Results: The analysis set consisted of 36,252 discharges from 393 hospitals. The mean patient age was 62.9 and 45.5% were male, with no substantial differences in patient characteristics or outcomes between included and excluded hospitals. The mean DOS fluid use was 4.2 L, with 21% receiving 6L or more. While patient case mix and surgical characteristics did not vary greatly between hospitals, there was significant variation in DSF administered between hospitals. The proportion of patients receiving 6+L DSF varied greatly by FUG, where only 5.8% of cases at Low hospitals (22% of hospitals) received 6+L DSF, High hospitals (26% of hospitals) exposed 40.5% of patients to 6+L DSF. The propensity model accounted for slightly more than a quarter of the variation in DSF (R2=27.2%). However, the exclusion of FUG resulted in R2 dropping to 6.1%, indicating that most of the variation was came not from patient or procedural details, but simply from hospital practice. Notably, above DSF of 5 L the actual mortality was significantly greater than expected (p< 0.05 at 6L DSF). Those having 6+ L DSF had an observed hospital mortality rate 48% higher than expected (5.6% vs. 3.6%, p<0.0001, Figure 1). The same pattern was found across all patient, disease and surgery related subgroups; and was found in other outcomes as well including PPC (p<0.0001), and PCC (p<0.001), POC (p<0.001) and LOS (with an addition of 0.65 days per patient, p<0.001).

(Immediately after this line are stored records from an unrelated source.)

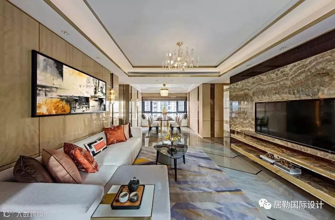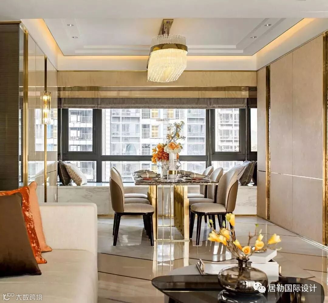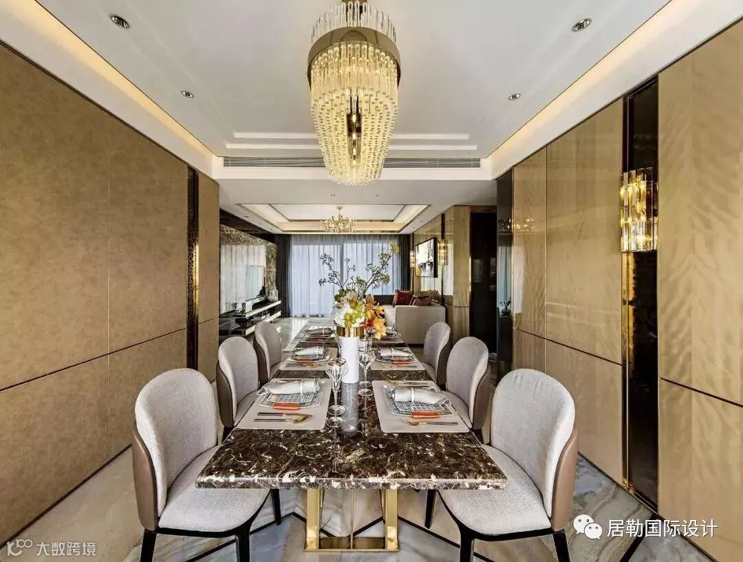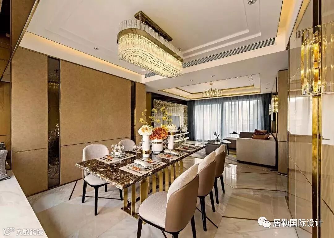 几何艺术首先体现于客餐厅地面三种石材与不锈钢的结合,设计概念来自于钻石的切割艺术,营造出奢华而不失内涵的空间气质。
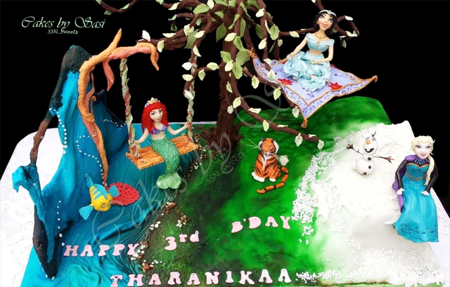This Disney Princess Cake features Ariel, Jasmine, Elsa the Snow Queen, Flounder, Rajah, and Olaf.
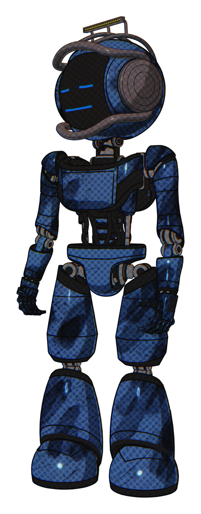 Mech containing digital display head and sleeping face and led and protection bars and light chest exoshielding and ultralight chest exosuit and light leg exoshielding. Grunge dark blue.

Conclusions: Study results suggest that DSF of 6+L is associated with harm to patients across a number of outcomes and that this level of DSF is primarily driven by hospital practice and not patient or disease factors. This relationship was observed in the raw outcomes and maintained when patient and surgical details were included in the risk adjustment. Having more hospitals adopt a goal oriented approach to DSF management could have a substantial impact on patient outcomes and perioperative inpatient resource utilization.